On Tue, Mar 29, 2022 at 6:38 PM Theodore Ts'o <tytso@xxxxxxx> wrote:
>
> (Removing linux-fsdevel from the cc list since this is an ext4
> specific issue.)
>
> On Mon, Mar 28, 2022 at 09:38:18PM +0530, Fariya F wrote:
> > Hi Ted,
> >
> > Thanks for the response. Really appreciate it. Some questions:
> >
> > a) This issue is observed on one of the customer board and hence a fix
> > is a must for us or at least I will need to do a work-around so other
> > customer boards do not face this issue. As I mentioned my script
> > relies on df -h output of used percentage. In the case of the board
> > reporting 16Z of used space and size, the available space is somehow
> > reported correctly.
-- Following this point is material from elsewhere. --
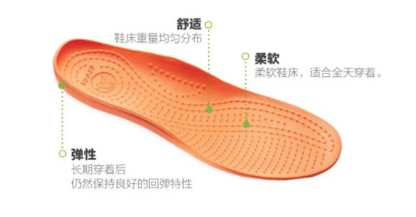 Crocs穿着舒适的原因除了使用的轻质缓冲材料,还有就是一些人性化的设计:如透气孔使得空气流通、保持脚部干爽、防滑的鞋底、材料进行了抗菌处理、易保存等等。
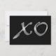 Um dramático "XO" prateado decora a parte de trás deste RSVP preto e prateado elegante. Este estilo é ainda mais aprimorado com uma simples resposta Sim/Não para circular. Role para baixo para ver itens coordenados nesta nova coleção da moda.

Should my script rely on available space and not
> > on the used space% output of df. Will that be a reliable work-around?
> > Do you see any issue in using the partition from then or some where
> > down the line the overhead blocks number would create a problem and my
> > partition would end up misbehaving or any sort of data loss could
> > occur? Data loss would be a concern for us. Please guide.
>
> I'm guessing that the problem was caused by a bit-flip in the
> superblock, so it was just a matter of hardware error.  What version
> of e2fsprogs are using, and did you have metadata checksum (meta_csum)
> feature enabled?  Depending on where the bit-flip happened --- e.g.,
> whether it was in memory and then superblock was written out, or on
> the eMMC or other storage device --- if the metadata checksum feature
> caught the superblock error, it would have detected the issue, and
> while it would have required a manual fsck to fix it, at that point it
> would have fallen back to use the backup superblock version.
>
> > b) Any other suggestions of a work-around so even if the overhead
> > blocks reports more blocks than actual blocks on the partition, i am
> > able to use the partition reliably or do you think it would be a
> > better suggestion to wait for the fix in e2fsprogs?
> >
> > I think apart from the fix in e2fsprogs tool, a kernel fix is also
> > required, wherein it performs check that the overhead blocks should
> > not be greater than the actual blocks on the partition.
>
> Yes, we can certainly have the kernel check to see if the overhead
> value is completely insane, and if so, recalculate it (even though it
> would slow down the mount).
>
> Another thing we could do is to always recaluclate the overhead amount
> if the file system is smaller than some arbitrary size, on the theory
> that (a) for small file systems, the increased time to mount the file
> system will not be noticeable, and (b) embedded and mobile devices are
> often where "cost optimized" (my polite way of saying crappy quality
> to save a pentty or two in Bill of Materials costs) are most likely,
> and so those are where bit flips are more likely.
>
> Cheers,
>
>                                                 - Ted